La présence de deux figures féminines fortes permet de mettre en relief la confrontation. Chuck Barris – animateur – fréquente la douce Penny (Drew Barrymore) et développe avec elle une relation plus normale que Chuck Barris – tueur à gages – qui s’amourache brièvement et intensément de la fatale Patricia (Julia Roberts).

Le film accuse par contre un ralentissement vers la fin du deuxième acte, lorsque Chuck Barris tente de réparer sa relation brisée avec Penny. Outre cette baisse de régime, la mise en scène de Clooney se révèle être énergique et ingénieuse. Le réalisateur privilégie les plans-séquences où parfois les acteurs doivent à toute vitesse se changer et se déplacer hors-cadre et ainsi donner l’illusion d’une ellipse sans jamais briser la continuité du plan.

Par ailleurs, pour les rôles principaux, Clooney est parvenu à réunir une  équipe rien de moins qu’incroyable : Sam Rockwell, Julia Roberts, Drew Barrymore et bien sûr Clooney lui-même. Le jeu de Sam Rockwell en particulier mérite des louanges. Ensuite, pour les rôles secondaires, défilent à l’écran, pas nécessairement dans cet ordre : Maggie Gyllenhaal, Rutger Hauer, Michael Cera et une mention spéciale à Isabelle Blais. Le jeu de Rutger Hauer glace le sang.

Une simple scène de restaurant dans laquelle Keeler (Rutger Hauer) discute avec Chuck Barris constitue un délicieux morceau d’anthologie. Une scène courte, mais vivante, qui cache une vérité saisissante, voire horrible. Visiblement, ce scénario demeure une pièce de choix.
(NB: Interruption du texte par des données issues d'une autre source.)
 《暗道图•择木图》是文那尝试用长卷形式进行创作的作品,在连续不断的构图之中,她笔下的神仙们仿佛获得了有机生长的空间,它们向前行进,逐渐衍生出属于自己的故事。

Il recèle de trouvailles et de détails anodins d’apparence, mais capitaux pour maintenir l’attention.

Bref, malgré que l’effet nouveauté de ce film soit dissipé depuis quelque années déjà, malgré qu’aucune distinction « importante » ne le porte sur l’avant-scène médiatique, contrairement aux titres mentionnés plus haut, malgré également sa relative contemporanéité l’empêchant d’entrer dans la catégorie « classique », il importe de ne pas laisser Confessions of a Dangerous Mind tomber dans les sombres oubliettes de l’âge ingrat d’une œuvre cinématographique.

– fl –

Wag the Dog : comment construire une histoire

(1997. Réalisation : Barry Levinson. Scénario : Hilary Henkin & David Mamet.)
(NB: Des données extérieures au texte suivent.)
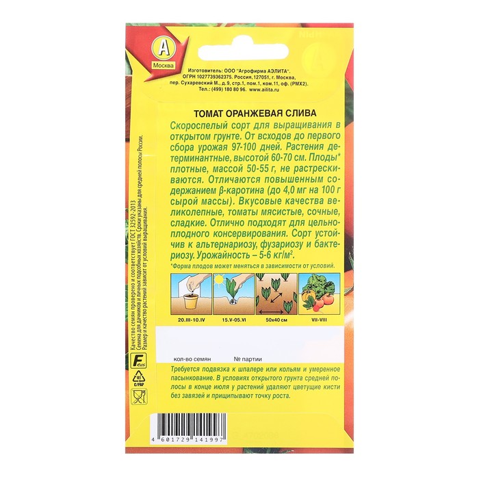 Производитель: Агрофирма АЭЛИТА; Габариты: 15 x 8 x 0,1; Страна: Россия; В боксе: 600 шт; Состав: См. на упаковке; Материалы: см. на упаковке; Фасовка: по 10 шт; Сертификат: Не подлежит сертификации; Цвет: Оранжевый; Агрономический срок годности, лет: 4; Сроки созревания: Ранний; Особенности выращивания: Открытый грунт; Сорт или гибрид: Сорт; Форма томатов: Сливовидные; Тип роста: Детерминантный (среднерослый) Наша коллекция семян включает как популярные овощи, так и яркие цветы, идеально подходящие для вашего сада. С нами вы сможете наслаждаться богатым урожаем и великолепием цветения в любое время года. Данные семена идеально подойдут для выращивания в вашем саду.

Moins de deux semaines avant les élections, un scandale sexuel éclabousse le président. Aussitôt, les conseillers présidentiels engagent un producteur dans le but de créer de toutes pièces une machination médiatique suffisamment puissante pour détourner l’attention publique. Cette machination n’implique rien de moins qu’une guerre – contre les Albanais.

Grâce à une mise en scène énergique et un sujet actuel (c’est le moins qu’on puisse dire), Wag the Dog réussit à maintenir l’attention et exercer une vive fascination. Pourtant, ni les répliques, ni les blagues générées par les situations comiques ne ressortent avec éclat. Les revirements de fortune et les surprises ne constituent pas non plus un argument majeur à ce film. Alors?

Cette fin de décennie voit par ailleurs naître des monuments comme Titanic, Good Will Hunting, Jerry Maguire, L.A. Confidential, Brave Heart, Fargo, etc. Alors que faire d’un film qui n’offre ni le drame profond de Titanic (j’émets quelques réserves pour cet exemple) et Good Will Hunting, ni les percutantes répliques de Jerry Maguire, ni la force héroïque de Bravo Heart et L.A. Confidential, ni le cynisme sanglant de Fargo?

Les personnages de Wag the Dog sont des monstres, campés avec force par des acteurs de talent (performance colorée de Dustin Hoffman et de Robert De Niro). Le scénario est une bête avec des griffes qui propose un commentaire critique mordant sur la politique américaine, le pouvoir des médias et l’industrie hollywoodienne. Dans Wag the Dog, ces trois entités n’en forment plus qu’une seule.

Lorsque le producteur Stanley Motss (Hoffman) dit que l’acte un est terminé, l’acte un du film prend fin. Lorsqu’il dit que l’acte deux doit relancer la campagne électorale, l’acte deux relance le film. La surprise, c’est l’acte trois que je vous laisse découvrir.

Bref, le spectateur voit l’envers du décor. Un monde où règnent des hommes/dieux, inventeurs d’histoire, créateur de mythes, manipulateurs experts.

Enfin, une distribution toute étoile parsème le film. Kirsten Dunst, William H. Macy, Willie Nelson et Woody Harrelson nous offrent chacun un petit moment accrocheur.

Un film percutant, tranchant et sincèrement amusant. Courez le louer. Non, désolé. Téléchargez-le.